Nearly 100 of the almost 300 arts organizations that depend on the fund are expected to lose the aid as a result, Sanchez said in a statement. She said the fund would halve its eligibility threshold, limiting grants to groups with budgets of no more than $1.5 million, among other “untenable decisions,” hobbling neighborhood theaters, festivals, music programs, and more. “In practice,” Sanchez added, “this means that community-based arts and culture groups … will lose essential operating funding that sustains their day-to-day work.”

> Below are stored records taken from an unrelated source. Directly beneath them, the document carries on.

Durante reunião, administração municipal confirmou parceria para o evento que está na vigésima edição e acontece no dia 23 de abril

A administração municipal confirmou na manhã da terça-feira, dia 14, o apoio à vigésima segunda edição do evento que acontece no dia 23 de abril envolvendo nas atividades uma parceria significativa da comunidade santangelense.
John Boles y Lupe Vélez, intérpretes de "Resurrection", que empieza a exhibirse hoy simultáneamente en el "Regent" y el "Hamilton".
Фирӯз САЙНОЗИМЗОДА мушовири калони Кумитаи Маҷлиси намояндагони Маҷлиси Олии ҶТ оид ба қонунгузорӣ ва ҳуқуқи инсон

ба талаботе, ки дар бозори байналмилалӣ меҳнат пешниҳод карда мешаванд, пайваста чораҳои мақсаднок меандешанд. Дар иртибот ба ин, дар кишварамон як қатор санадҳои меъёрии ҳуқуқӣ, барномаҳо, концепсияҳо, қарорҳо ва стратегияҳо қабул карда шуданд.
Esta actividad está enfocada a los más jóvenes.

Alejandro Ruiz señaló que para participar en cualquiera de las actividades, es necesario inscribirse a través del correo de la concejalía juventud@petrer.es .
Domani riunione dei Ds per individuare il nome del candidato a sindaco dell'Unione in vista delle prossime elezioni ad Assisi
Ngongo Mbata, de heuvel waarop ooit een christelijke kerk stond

Created three decades ago to supplant more traditionally Philadelphian methods for distributing tax money — according to the whims and still less defensible motives of local politicians — the cultural fund brought a measure of evenhandedness and transparency to bear, offering clear rules and a fair process. Today, it funds groups ranging from A Book a Day, which has donated thousands of books to institutions serving young readers in West Philadelphia, to the Wyck Association, dedicated to preserving and interpreting the historic house of that name in Germantown.
The impact of these groups, economic and otherwise, is far greater than their cost: A 2024 report by the Greater Philadelphia Cultural Alliance found that nonprofit arts groups generate more than $2 billion in yearly economic activity, providing $1 billion in household incomes and $265 million in tax revenues. The alliance also found that the sector suffers from inadequate, unreliable, and uneven public funding.

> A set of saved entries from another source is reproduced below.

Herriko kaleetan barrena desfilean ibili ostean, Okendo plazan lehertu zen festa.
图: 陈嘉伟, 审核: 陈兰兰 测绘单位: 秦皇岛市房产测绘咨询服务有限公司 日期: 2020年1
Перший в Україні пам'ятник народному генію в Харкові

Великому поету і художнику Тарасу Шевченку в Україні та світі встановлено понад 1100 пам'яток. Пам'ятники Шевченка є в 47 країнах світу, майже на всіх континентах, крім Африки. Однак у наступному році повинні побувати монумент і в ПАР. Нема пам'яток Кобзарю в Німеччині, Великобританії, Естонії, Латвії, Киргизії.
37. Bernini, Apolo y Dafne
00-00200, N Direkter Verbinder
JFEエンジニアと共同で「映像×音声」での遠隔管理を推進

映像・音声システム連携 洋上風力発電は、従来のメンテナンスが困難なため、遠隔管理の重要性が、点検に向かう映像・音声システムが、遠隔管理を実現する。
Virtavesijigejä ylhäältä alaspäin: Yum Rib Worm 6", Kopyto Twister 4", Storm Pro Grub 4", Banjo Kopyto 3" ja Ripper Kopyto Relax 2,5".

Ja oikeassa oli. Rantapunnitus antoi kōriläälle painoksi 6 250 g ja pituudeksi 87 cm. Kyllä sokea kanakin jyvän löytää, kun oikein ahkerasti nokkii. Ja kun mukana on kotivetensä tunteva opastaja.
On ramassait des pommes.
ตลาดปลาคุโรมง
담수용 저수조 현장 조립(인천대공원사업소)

The cut is cruelly contrary to what city arts groups and some Council members argued for amid the Trump administration’s retreat from federal arts funding, which was to increase the cultural fund’s allocation by 20%. It’s also at odds with a city budget that raises overall spending by about 3% over this fiscal year. At that rate, given the fund’s benefits, the city should at least be able to hold it harmless and maintain this year’s relatively meager contribution.
Philadelphia’s arts groups shouldn’t be perpetually on the budgetary brink just because most of them are small and lack powerful political patrons, making them easy to pick on. The mayor and Council should find a way to restore this funding and stop creating trouble for the city’s invaluable creators.